46.83% [kernel] [k] shrink_slab
20.52% [kernel] [k] pv_native_safe_halt
8.85% [kernel] [k] do_shrink_slab
7.71% [kernel] [k] _find_next_bit
1.72% [kernel] [k] xas_descend
1.70% [kernel] [k] shrink_node
1.44% [kernel] [k] shrink_lruvec
1.43% [kernel] [k] mem_cgroup_iter
1.28% [kernel] [k] xas_load
0.89% [kernel] [k] super_cache_count
0.84% [kernel] [k] xas_start
0.66% [kernel] [k] list_lru_count_one

- 65.50% 40.44% [kernel] [k] shrink_slab
- 22.96% shrink_slab
13.11% _find_next_bit
- 9.91% do_shrink_slab
- 1.59% super_cache_count
0.92% list_lru_count_one

We can see that the first perf hotspot becomes shrink_slab,
which is what we expect.

Signed-off-by: Qi Zheng <zhengqi.arch@xxxxxxxxxxxxx>
---
mm/vmscan.c | 58 +++++++++++++++++++++++++++++++++++++----------------
1 file changed, 41 insertions(+), 17 deletions(-)
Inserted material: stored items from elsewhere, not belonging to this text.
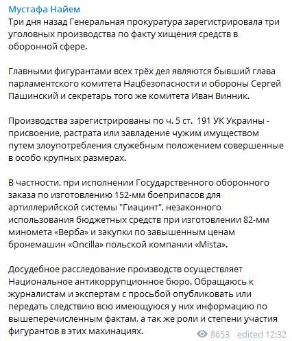 Главными фигурантами трех уголовных производств о хищении средств в оборонной сфере, которые Генеральная прокуратура зарегистрировала 15 октября, являются бывший глава парламентского комитета Нацбезопасности и обороны Сергей Пашинский и секретарь того же комитета Иван Винник. Об этом в Telegram-канале сообщил экс-нардеп Мустафа Найем.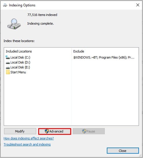 Siga as etapas até a etapa 2 do método acima para abrir as Opções de indexação janela. Depois disso, clique no botão Avançado .
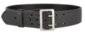 - Black leather with a nickel buckle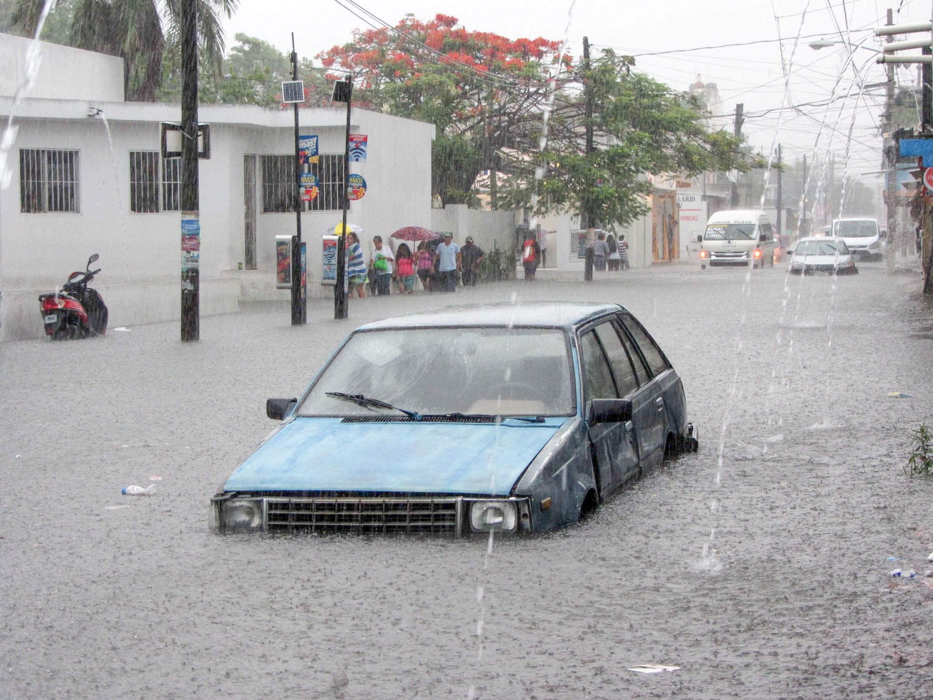 El paso de la Onda Tropical numero 21 ocasiona fuertes inundaciones registradas por avenidas y calles de Cancún. En la imagen, calle de acceso principal al Hospital General de Cancún, ubicado en el Crucero.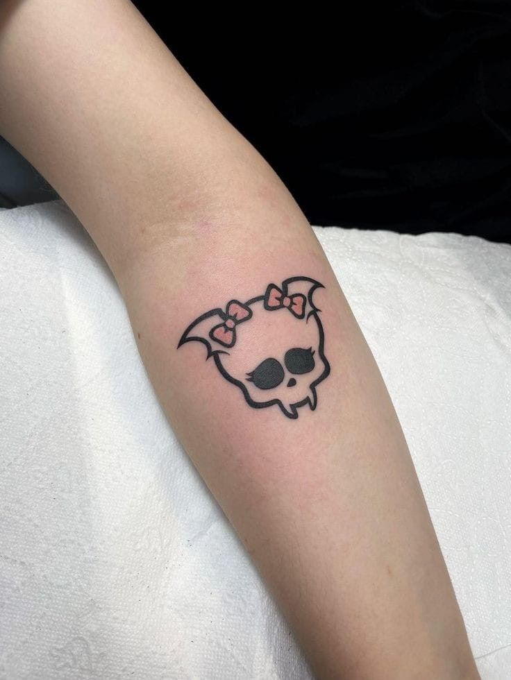 This little batwing skull is giving cute chaos—like the girly goth side of Y2K that never stopped being fun. The bows soften the whole look so it feels playful instead of scary, and the bold outlines make it read like a sticker from your teenage notebook brought to life. It’s sweet, edgy, and weirdly charming all at once, which is basically the holy trinity of Y2K tattoo ideas.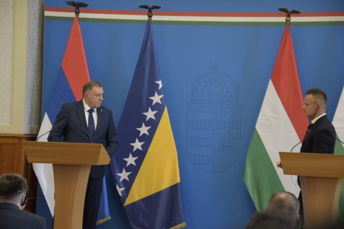 – Zahvalan sam za pomoć koju nam pružate u realizaciji programa i projekata i o tome smo danas razgovarali i konstatovali da to daje dobre rezultate, da to treba da nastavimo. Bez vaše pažnje i razumijevanja imali bismo veće probleme nego što ih imamo – rekao je Dodik na zajedničkoj konferenciji sa mađarskim ministrom spoljnih poslova i trgovine Peterom Sijartom.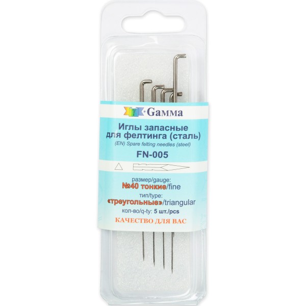 Gamma" FN-005 Иглы для валяния (фелтинга) запасные в пластиковой упаковке с европодвесом 5 шт №25 грубые, толстые
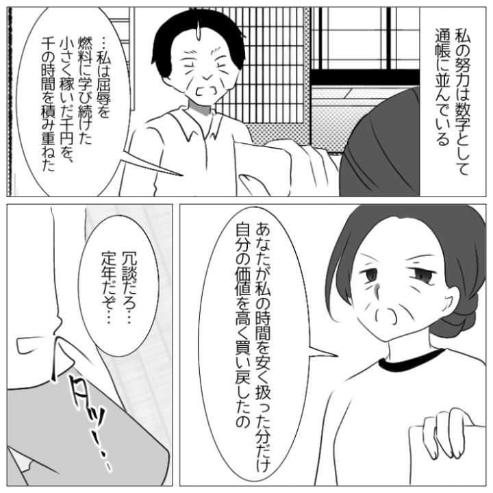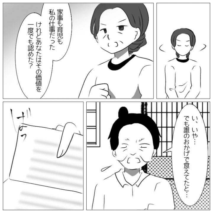「誰のおかげで飯が食えてるのか考えろ」ギリギリの生活費しか渡さないのに文句ばかりのモラハラ夫!長年我慢して、夫の定年退職の日にあるものを突きつけて絶望させた話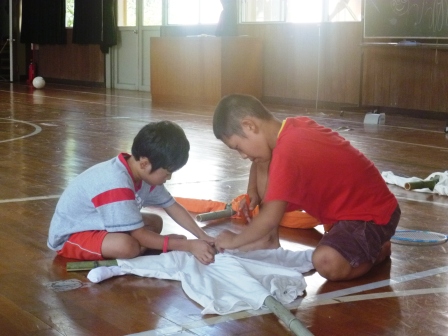 センターに戻り、みんなで片付けを済ませると・・・疲れたのでしょう。本を読んでいる最中に、正座したまま、眠ってしまいました。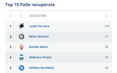 Partiamo dai palloni recuperati. Dato che balza all’occhio, perché il capitano Davide Astori è sul podio di questa speciale classifica. Davanti a lui Torreira della Samp a quota 108 e Skriniar dell’Inter che si è fermato a 91. Terzo, appunto, Astori, a quota 89.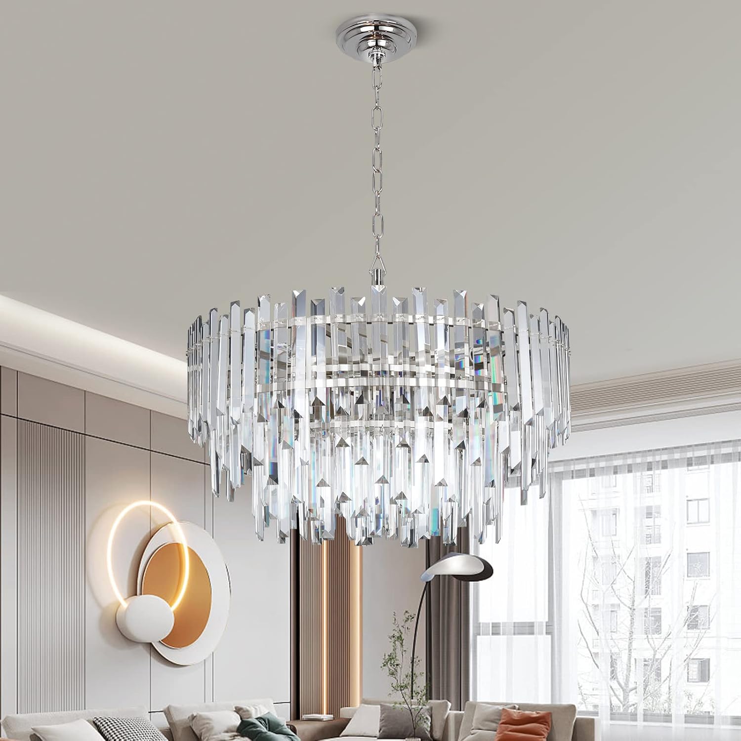Crystal Chandelier Lighting 24'' Chrome for Dining Rooms Bedroom Foyer Entryway Ceiling Hanging Pendant Chandelier Light Fixture Lamp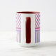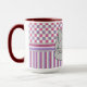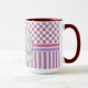 Una imagen de un gato dormido gris con una sonrisa en su rostro contra un patrón rosa, púrpura y gris es un diseño único para los amantes de los felinos.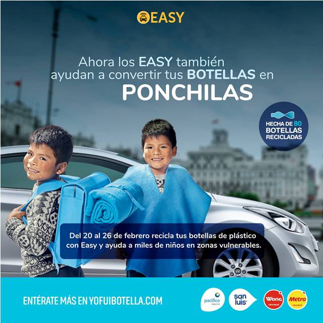 Lima, 21 de febrero de 2017.- EASY participa de manera activa en la campaña organizada por Pacífico Seguros, Agua San Luis, Wong y Metro “Yo fui botella”, a realizarse del 20 al domingo 26 de febrero, que busca recolectar la mayor cantidad de botellas plásticas para crear ponchilas a ser distribuidos en las zonas vulnerables al friaje.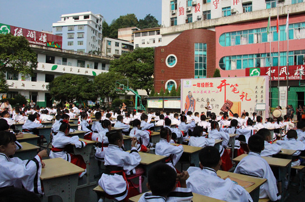 6日,贵州省从江县城关第一小学为该校200余名一年级新生举行庄重的“开笔礼”仪式,让小学新生从小接受中华民族优秀传统文化的启蒙,感知入学是人生中的一件大事,树立勤勉好学的意志。在老师的引导下,新入学的一年级新生们走过“开笔”大道,先后完成了“正衣冠”、“启蒙拜师”、“朱砂启智”、“击鼓鸣志”、“启蒙描红”等五个仪式环节后,在老师的指教下孩子们认认真真开笔书写了自己人生中的第一个“人”字。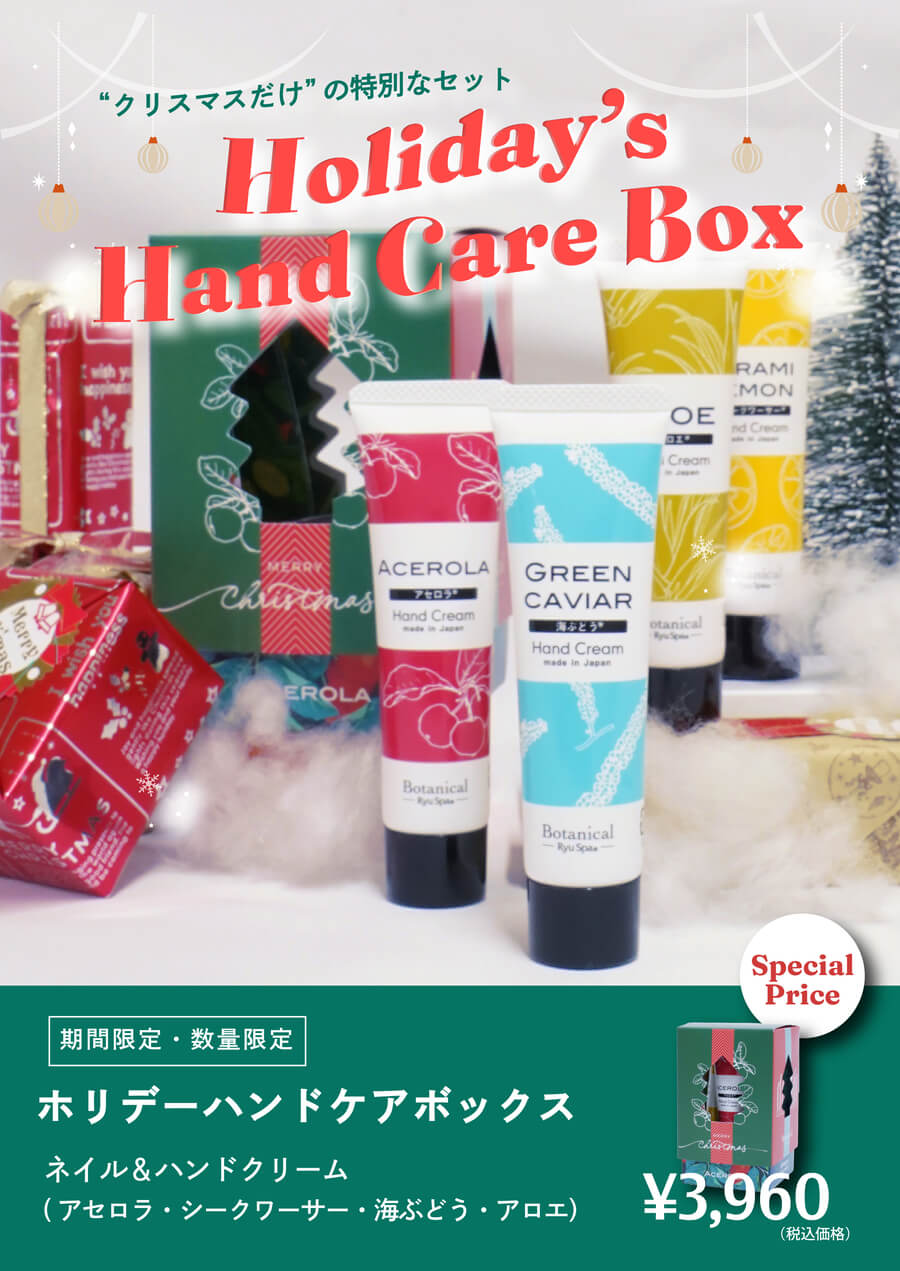 沖縄のホリデーシーズンにぴったりの、アセロラ、シークワーサー、海ぶどう、アロエの香りが入った4本セット。通常はハンドクリーム4本で5,720円(税込)のところ、ハンドケアBOXは3,960円(税込)と、お財布にも優しい。

diff --git a/mm/vmscan.c b/mm/vmscan.c
index 767569698946..357a1f2ad690 100644
--- a/mm/vmscan.c
+++ b/mm/vmscan.c
@@ -213,6 +213,12 @@ static struct shrinker_info *shrinker_info_protected(struct mem_cgroup *memcg,
lockdep_is_held(&shrinker_rwsem));
}

+static struct shrinker_info *shrinker_info_rcu(struct mem_cgroup *memcg,
+ int nid)
+{
+ return rcu_dereference(memcg->nodeinfo[nid]->shrinker_info);
+}
+
static int expand_one_shrinker_info(struct mem_cgroup *memcg,
int map_size, int defer_size,
int old_map_size, int old_defer_size,
@@ -339,7 +345,7 @@ void set_shrinker_bit(struct mem_cgroup *memcg, int nid, int shrinker_id)
struct shrinker_info *info;

rcu_read_lock();
- info = rcu_dereference(memcg->nodeinfo[nid]->shrinker_info);
+ info = shrinker_info_rcu(memcg, nid);
if (!WARN_ON_ONCE(shrinker_id >= info->map_nr_max)) {
/* Pairs with smp mb in shrink_slab() */
smp_mb__before_atomic();
@@ -359,7 +365,6 @@ static int prealloc_memcg_shrinker(struct shrinker *shrinker)
return -ENOSYS;

down_write(&shrinker_rwsem);
- /* This may call shrinker, so it must use down_read_trylock() */
id = idr_alloc(&shrinker_idr, shrinker, 0, 0, GFP_KERNEL);
if (id < 0)
goto unlock;
@@ -392,18 +397,28 @@ static long xchg_nr_deferred_memcg(int nid, struct shrinker *shrinker,
struct mem_cgroup *memcg)
{
struct shrinker_info *info;
+ long nr_deferred;

- info = shrinker_info_protected(memcg, nid);
- return atomic_long_xchg(&info->nr_deferred[shrinker->id], 0);
+ rcu_read_lock();
+ info = shrinker_info_rcu(memcg, nid);
+ nr_deferred = atomic_long_xchg(&info->nr_deferred[shrinker->id], 0);
+ rcu_read_unlock();
+
+ return nr_deferred;
}

static long add_nr_deferred_memcg(long nr, int nid, struct shrinker *shrinker,
struct mem_cgroup *memcg)
{
struct shrinker_info *info;
+ long nr_deferred;
+
+ rcu_read_lock();
+ info = shrinker_info_rcu(memcg, nid);
+ nr_deferred = atomic_long_add_return(nr, &info->nr_deferred[shrinker->id]);
+ rcu_read_unlock();

- info = shrinker_info_protected(memcg, nid);
- return atomic_long_add_return(nr, &info->nr_deferred[shrinker->id]);
+ return nr_deferred;
}

void reparent_shrinker_deferred(struct mem_cgroup *memcg)
@@ -955,19 +970,18 @@ static unsigned long shrink_slab_memcg(gfp_t gfp_mask, int nid,
{
struct shrinker_info *info;
unsigned long ret, freed = 0;
- int i;
+ int i = 0;

if (!mem_cgroup_online(memcg))
return 0;

- if (!down_read_trylock(&shrinker_rwsem))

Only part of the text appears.